WORK INSTRUCTIONS >> Leaving all pictures out, output exactly and only the line containing "是产生的第 n 个随机数。" and the lines that follow it to the end of the material below.

DATA >>
§ §

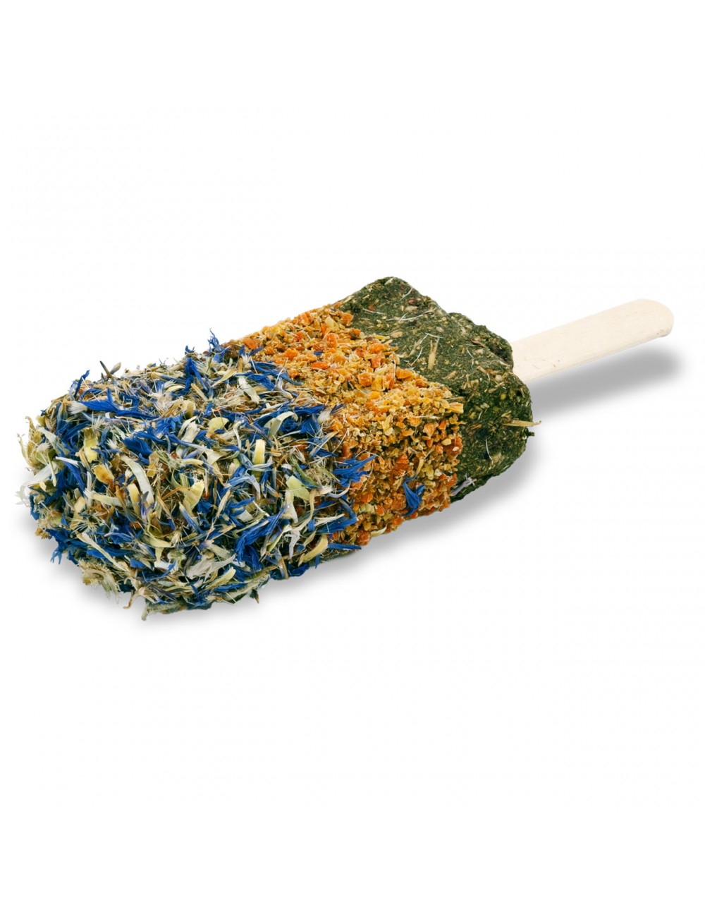 El helado crujiente en palito de JR FARM es una delicia única que hará las delicias de tus roedores y conejos enanos durante todo el año. Elaborado con heno de pradera, hierbas frescas y recubierto con crujientes zanahorias y flores de aciano, este helado no es sólo una delicia sino también un juego entretenido y beneficioso. Perfecto para estimular tanto la digestión gracias a su alto contenido en fibra como la abrasión dental, este helado es una forma divertida de cuidar a tus pequeños acompañantes. El mango de madera natural también sirve como juguete para roer, proporcionando doble placer a tus mascotas.
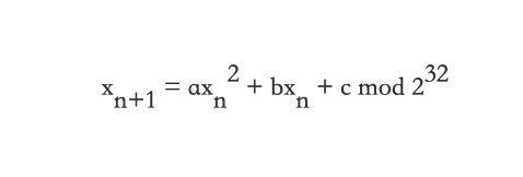 不幸的是,对为什么使用如此少的指令能够产生如此长的序列的原因的研究,已经远超出了本课程的教学范围。但我还是鼓励有兴趣的人去研究它。它的全部核心所在就是下面的二次方程,其中 xn 是产生的第 n 个随机数。
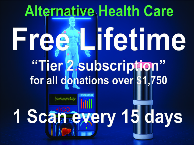 Get lifetime free Tier 2 subscription when you pledge $1750 towards the rapid implementation of the Alternative Health Care system.
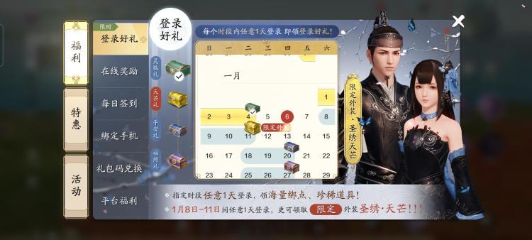 海量绑元,稀有外观等你来拿。活动期间1月8日~11日间任意一天登陆游戏,领取限定外观圣绣·天芒。还有更多好礼等着少侠来领取哦,游戏内点击宝箱查看活动时间。记得来领哦!!!

§ §

OUTPUT FOR THIS EXERCISE >>
 不幸的是,对为什么使用如此少的指令能够产生如此长的序列的原因的研究,已经远超出了本课程的教学范围。但我还是鼓励有兴趣的人去研究它。它的全部核心所在就是下面的二次方程,其中 xn 是产生的第 n 个随机数。
 Get lifetime free Tier 2 subscription when you pledge $1750 towards the rapid implementation of the Alternative Health Care system.
 海量绑元,稀有外观等你来拿。活动期间1月8日~11日间任意一天登陆游戏,领取限定外观圣绣·天芒。还有更多好礼等着少侠来领取哦,游戏内点击宝箱查看活动时间。记得来领哦!!!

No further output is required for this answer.